We reload the Parquet files to ensure they are self-contained and ready
for downstream ML or LLM-based processing.


In [None]:
# =========================================
# Reload Parquet datasets
# =========================================

sources_df, lightcurves_df = load_datasets(
    "data/sources.parquet",
    "data/lightcurves.parquet",
)

print(f"Sources: {len(sources_df)}")
print(f"Photometry points: {len(lightcurves_df)}")


## 7. LLM-based astronomer copilot (Part 2)

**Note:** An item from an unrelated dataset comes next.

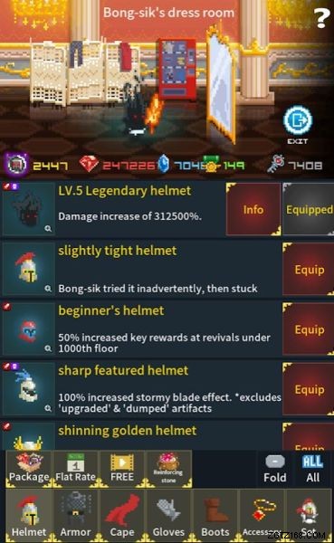 – アーティファクト: これらは、フロアをより速く通過し、より良い報酬を得るのに役立ついくつかのアイテムであり、一般的にゲームで役立つものです.アーティファクトは 3 つの方法でアップグレードできます:キー (両方のタイプ) または実際のお金です。したがって、本当に早くレベルアップしたい場合は、いくつかのオプションがあります。

Instead of training a new classifier, we use a local instruction-tuned LLM
(Mistral 7B Instruct) as a reasoning layer on top of structured data.

The goal is to:
- summarize key information,
- assess whether a transient is likely extragalactic,
- suggest whether follow-up observations are warranted.


In [None]:
# =========================================
# Local LLM sanity check
# =========================================

print(query_llm("In one sentence, explain what a supernova is."))


## 8. Running the copilot on a single transient

We now run the full copilot pipeline on one example transient.


In [None]:
# =========================================
# Run copilot on a single transient
# =========================================

example_id = sources_df["id"].iloc[0]
print(f"Selected transient: {example_id}")

copilot_output = run_copilot_for_source(
    source_id=example_id,
    sources=sources_df,
    lightcurves=lightcurves_df,
)

print("=== Copilot output ===")
print(copilot_output)


## 9. Running the copilot on multiple transients

This demonstrates that the pipeline generalizes beyond a single example.


In [None]:
# =========================================
# Run copilot on multiple transients
# =========================================

for source_id in sources_df["id"].head(3):
    print("\n" + "=" * 80)
    print(f"Transient ID: {source_id}")
    print(run_copilot_for_source(
        source_id=source_id,
        sources=sources_df,
        lightcurves=lightcurves_df,
    ))


## 10. User-driven question

Finally, we allow a hypothetical astronomer to ask a specific question
about the transient, using the structured context as input to the LLM.


In [None]:
# =========================================
# User-driven question
# =========================================

user_question = (
    "Is this transient more likely a supernova or a galactic variable star?"
)

combined_prompt = copilot_output + "\n\nUser question:\n" + user_question
answer = query_llm(combined_prompt)

print("=== User question answer ===")
print(answer)


## Conclusion

This notebook demonstrates:
- how to tame large, deeply nested astronomical JSON files,
- how to extract a minimal, ML-relevant core dataset,
- how to use a local LLM as a reasoning copilot for astronomers.

The focus is on clarity, robustness, and design choices rather than
model performance or over-engineering.